Sonuç olarak stratejik hedeflerimiz;

  • Ekonominin geliştirilmesi ve iş imkânlarının arttırılması,
  • İnsan kaynaklarının örgütlenme düzeyinin ve yerel kalkınma kapasitesinin geliştirilmesi
  • Kırsal alan fiziki altyapı hizmetlerinin geliştirilmesi ve yaşam kalitesinin arttırılması
  • Ve son olarak sürdürülebilir bir kalkınma için kırsal alanın korunması ve geliştirilmesi.

1988 yılında Avrupa Komisyonu tarafından ‘Kırsal Toplumun Geleceği’ adlı tebliğde kırsal alanların sadece fiziksel mekâna dayalı olarak ele alınmaması gerektiğini, bu alanların ekonomik ve sosyal hayatın çok farklı aktivitelerine sahne olan karmaşık bir yapı teşkil ettiği belirtilmiş, kırsal alanların sadece içinde barındırdığı nüfusa iş ve hayat veren alanlar olmadığı, bunun yanında toplumun tüm kesimlerine hitap eden, ekolojik dengenin kurulduğu çok fonksiyonlu alanlar olduğu vurgulanmıştır.

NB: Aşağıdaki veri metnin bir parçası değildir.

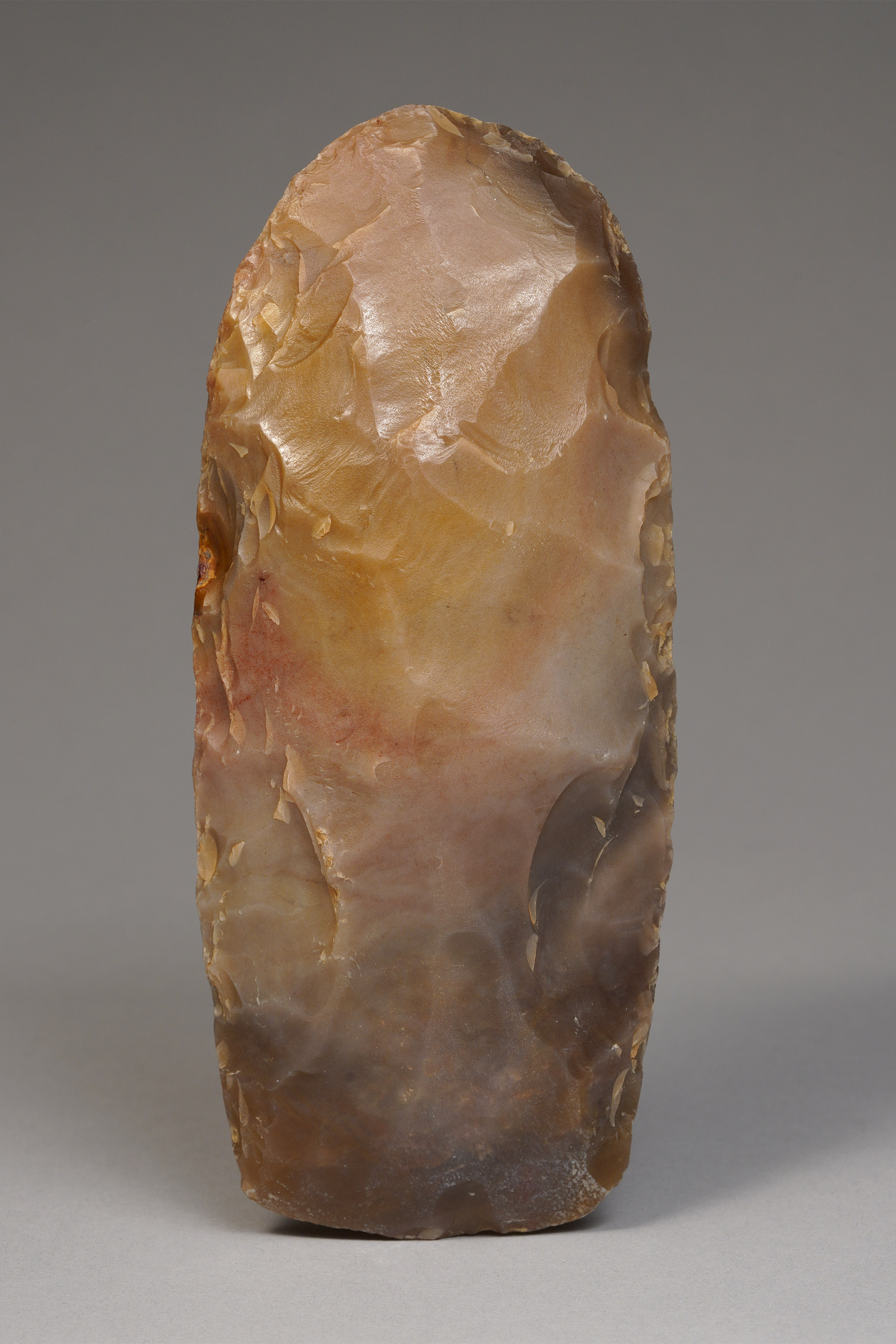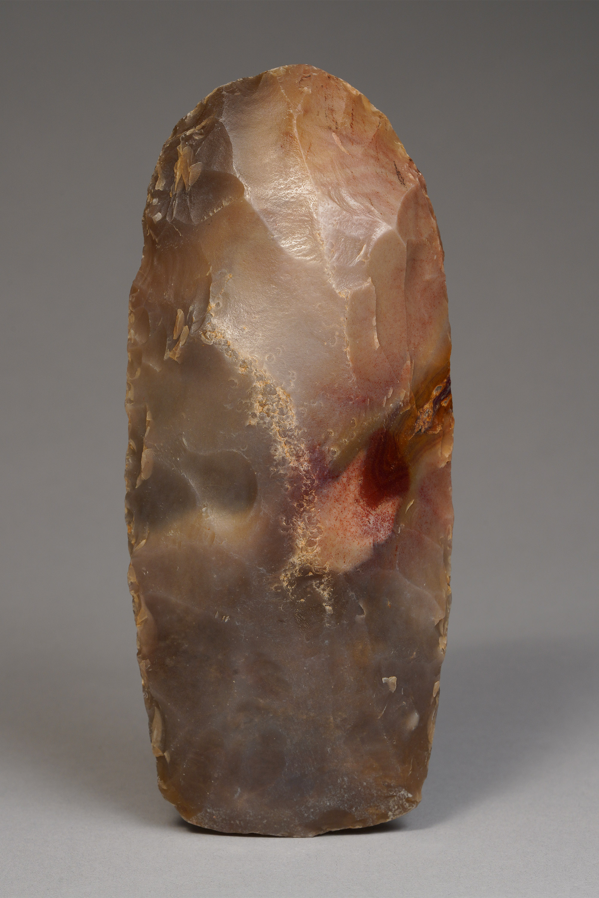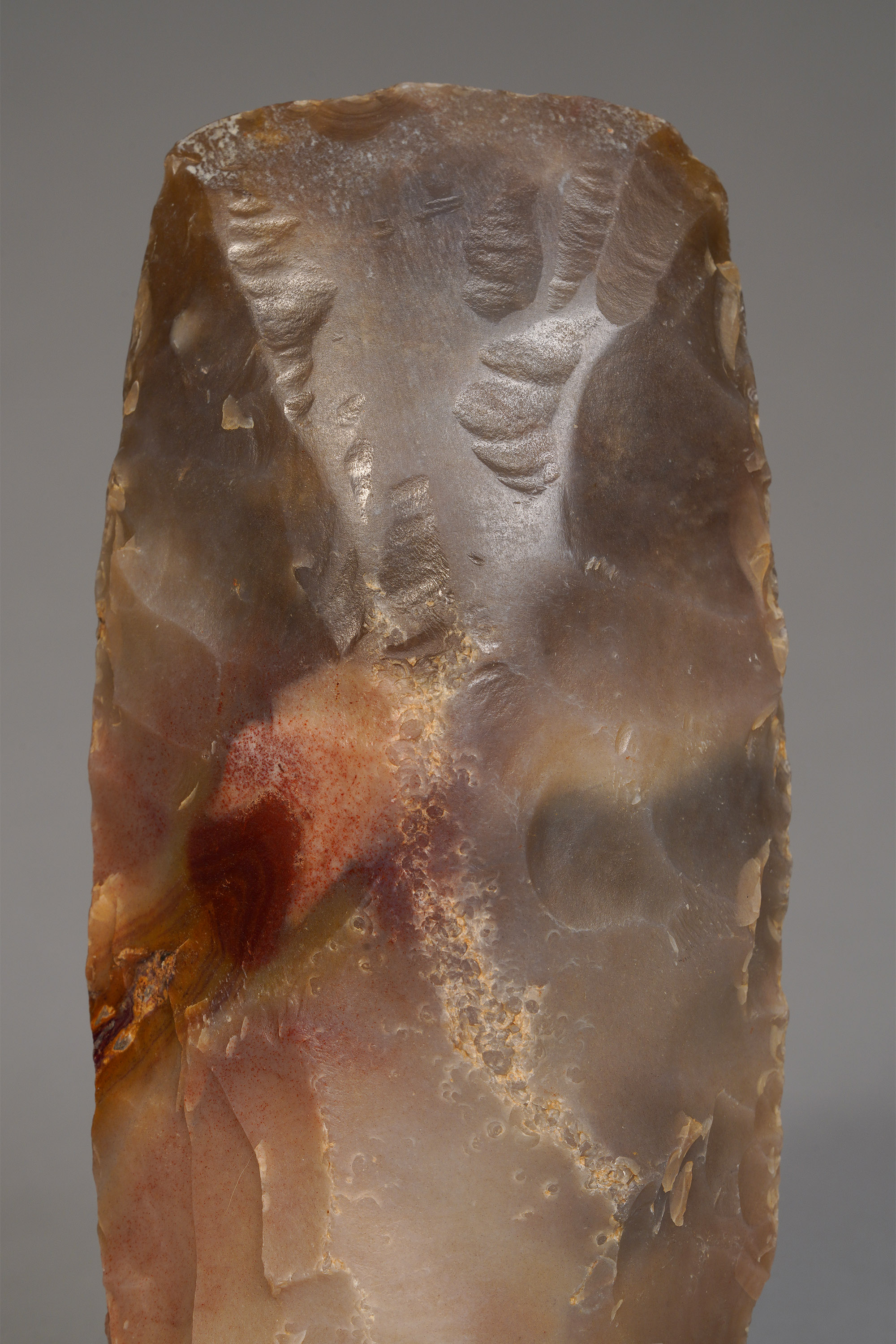 Axe blades such as this were made out of exceptionally high-quality flintstone / agate and belong to the Tenerean neolithic complex in West Africa. They are around 6000 years old. They were produced by specialized flint knappers who also made arrowheads and other tools. Most of them were found in Niger, but there were ateliers in (modern-day) neighboring countries as well. The axe blades had different shapes based on their function / purpose, and when in use they were sharpened along the outer edge. Gradually the axe blades became shorter and were resharpened until they were too small to work with. Most of the axe blades found are in the first stage, simply knapped and ‘fresh’ (found in close proximity to the ateliers). When used and re-sharpened they were dispersed around a wide region, and are much more difficult to find today (Pers. communication, Michel Van Den Dries, 2025).

Nüfus, tarımsal üretim, mülkiyet ilişkileri, geleneksel yapı, temel hizmetlere erişebilirlik, sosyal güvenlik açısından kırsal alan iç içe geçmiş birçok sorunu barındırmaktadır. Bundan hareketle, öncelikle kırsal alanın genel durumunun ortaya koyulması ve buna göre strateji belirlenmesi gereği ortaya çıkmaktadır

Gün geçtikçe daha fazla üzerinde durulan ve kabul görülen ‘kırsal alan’ kavramı strateji planlarında komisyon raporlarında üzerinde durulan konu olmuş, ayrıca birçok kurum ve kuruluş hatta ülkeler bile kendi kırsal alan tanımlamalarını yapmışlardır. Ancak kırsal alanın herkes tarafından kabul edilebilir bir tanım yapılması oldukça zor ve yetersizdir. Çünkü bu kavramın tanımının yapılmasında çeşitli faktörler ve kriterler rol oynamaktadır.